Thursday, November 11, 2010

"Deliverance" and "The Wilding"

Benjamin Percy's new novel, "The Wilding," looks like one to watch, and it's good to see him acknowledge so openly his debt to the work of James Dickey. An excerpt from Percy's interview on the Powell's Books Blog:

Percy: Well, the novel is in so many ways about animalistic impulses. Every character is struggling with this inner wilding, and in some cases it boils over. It manifests itself most obviously in the character of Brian, who in donning this hair suit becomes almost lycanthropic. Then there are more subtle examples such as with Karen, where she's stepping outside the boundaries of marriage and wrestling with sexual impulses that might lead her away from her family. This is an idea that parallels some of what we see in James Dickey's Deliverance. This year marks the 40th anniversary of that novel, and it's one of the most important books in my library.

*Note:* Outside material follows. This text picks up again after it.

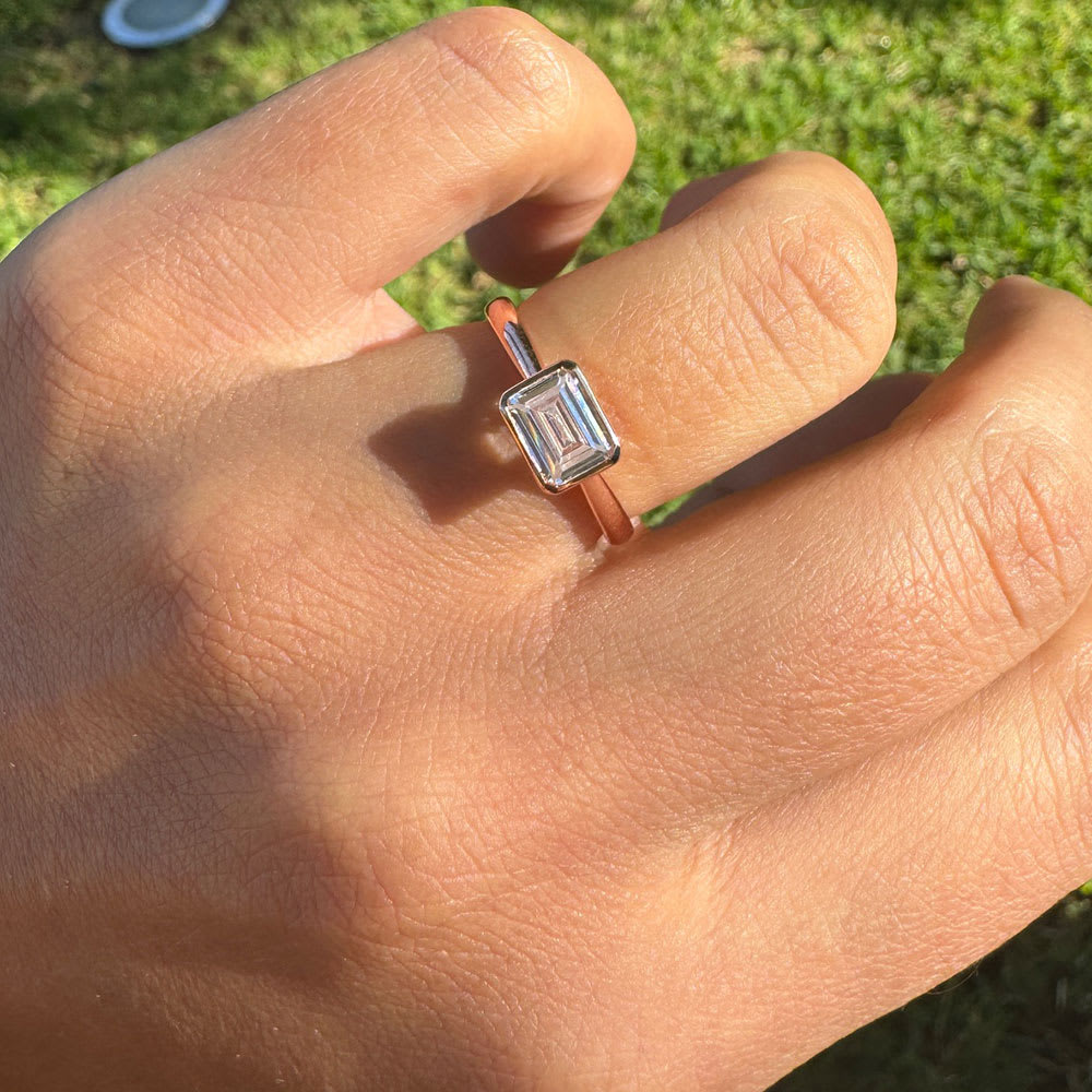 Modern minimalism meets timeless elegance in the East West Bezel Set Emerald Cut Engagement Ring. Featuring a striking emerald-cut diamond set horizontally ("East West") within a sleek bezel setting, this ring makes a bold yet refined statement. The clean lines of the rectangular stone are perfectly complemented by the warm tone of the rose gold band, creating a chic and contemporary silhouette ideal for those who appreciate understated sophistication. All Temple and Grace jewellery is beautifully crafted to the highest standards and is made at our jewellery workshop directly by us (skilled jewellery craftsmen). This is why you can save over 40% when compared to high-street retail prices. We also offer a lifetime warranty and unmatched 100 day returns. You can shop online or book an appointment to visit our jewellery boutiques in Sydney, Melbourne, Brisbane, Perth and Adelaide.

I modeled The Wilding in many ways after it. If you look at Deliverance, it's one of the central themes that Dickey is trying to explore as well.

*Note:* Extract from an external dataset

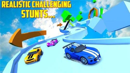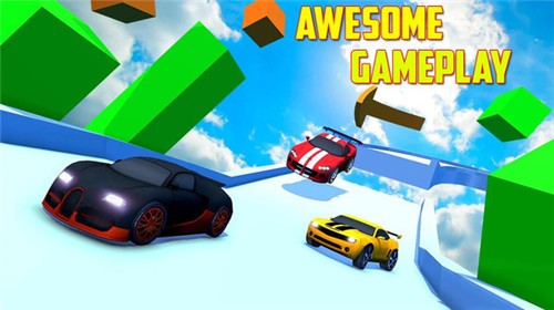 1、高空赛道设定:赛道搭建在云端,融合浮空方块、多变坡度与弯道,打造独特奇幻竞速场景。

I didn't set out to write about animal instinct. I didn't set out to write about the clash between wilderness and civilization. I never set out with a theme in my mind. I begin with images in mind, with characters in mind, and the themes rise up organically. It's at first an instinctual process for me, and then it becomes more intellectual as I go through draft after draft. Dickey's Deliverance and its furry, toothy core became kind of a model for this work.